Sachant que la part du Trésor public est d’environ 46,65%, il est possible de calculer le montant qui aurait été recouvré ainsi que la part de l’invisible.
En appliquant la règle de trois simples, le montant qui serait versé au Trésor public est de 187.574.533,40FC.
Tenant compte de la pratique de l’invisible, celle ci s’élèverait à 100.071.013,53FC (soit 187.574.533,40FC-87.503.519,83FC).
D’après les données fournies par l’exécutif provincial, les recettes des régies par secteur au premier trimestre étaient de 439.970.424,50FC pour Goma, 78.051.380,75FC pour Beni et 87.503.519,83FC pour Butembo soit un total de 605.525.325,08FC.

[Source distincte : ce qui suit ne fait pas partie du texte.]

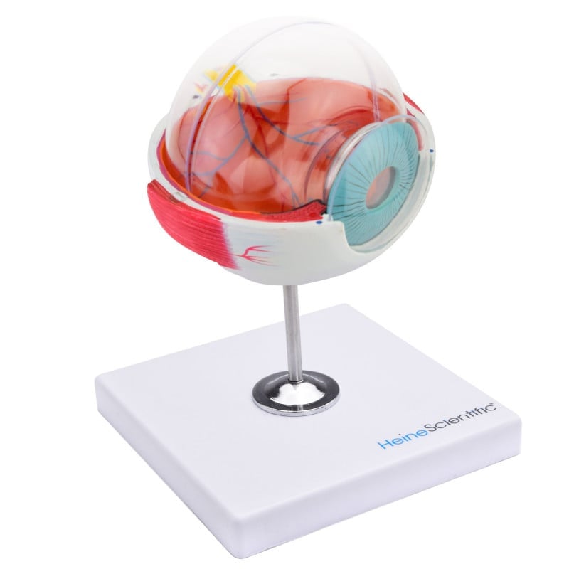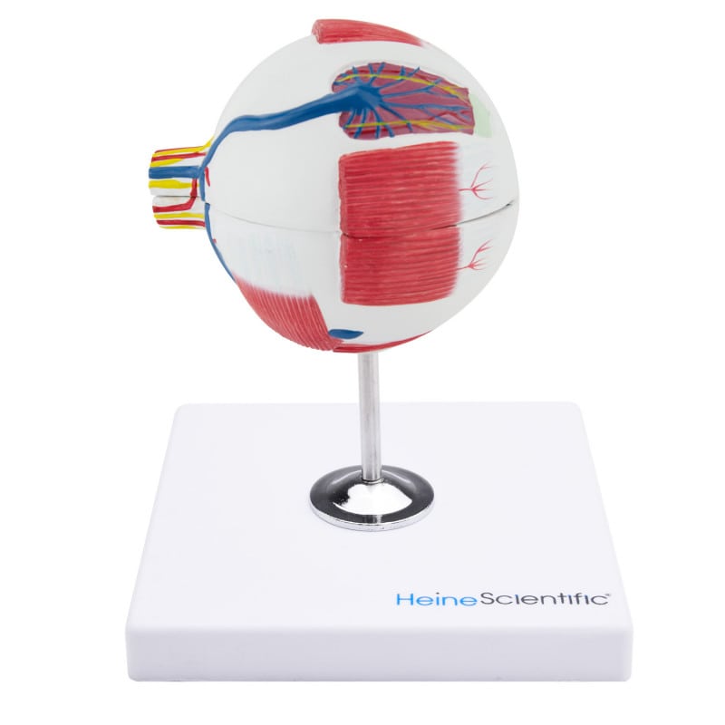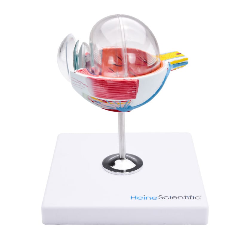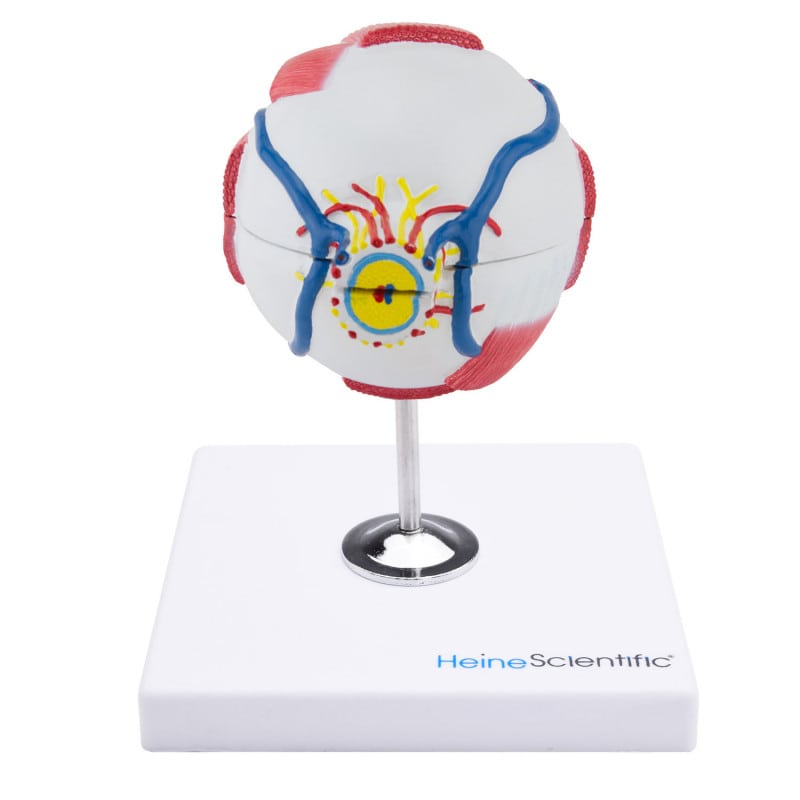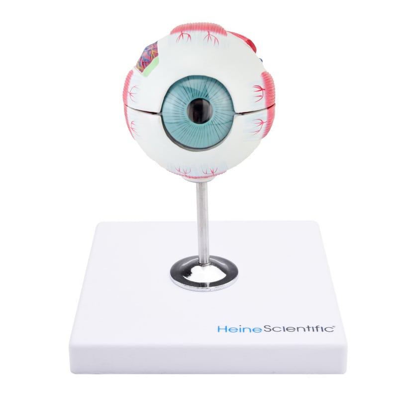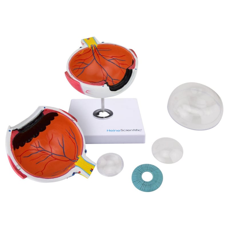 The 6-part eye model from HeineScientific consists of vitreous body, lens, iris, cornea and eyeball. The eyeball of the large eye model can additionally be divided into 2 parts so that the inner structures are visible. The elaborate colouring of the eye favours the optical differentiation of the structure of the individual anatomical structures. For this reason, the model is perfect as a teaching aid for anatomy at schools and universities or for patient education in doctor's surgeries.

N’eût été la pratique du système de l’invisible à la DGI/Butembo, les recettes de ce ressort fiscal seraient de 187.574.533,40FC. Ainsi, au lieu de 605.525.325,08FC, le total réalisé par la DGI provinciale serait de 705.596.338,65FC réparti comme suit :
– DGI/Goma : 439.970.424,50FC
– DGI/Beni : 78.051.380,75FC
– DGI/Butembo : 187.574.533,40FC, soit 26,58% du total provincial.
En bref les opérations réalisées au premier trimestre 2008 par le centre des impôts de Butembo seraient les suivantes au regard de nos enquêtes :
Tableau nº4
DESTINATION MONTANT EN FC MONTANT EN DOLARS (1$ = 550 Fc)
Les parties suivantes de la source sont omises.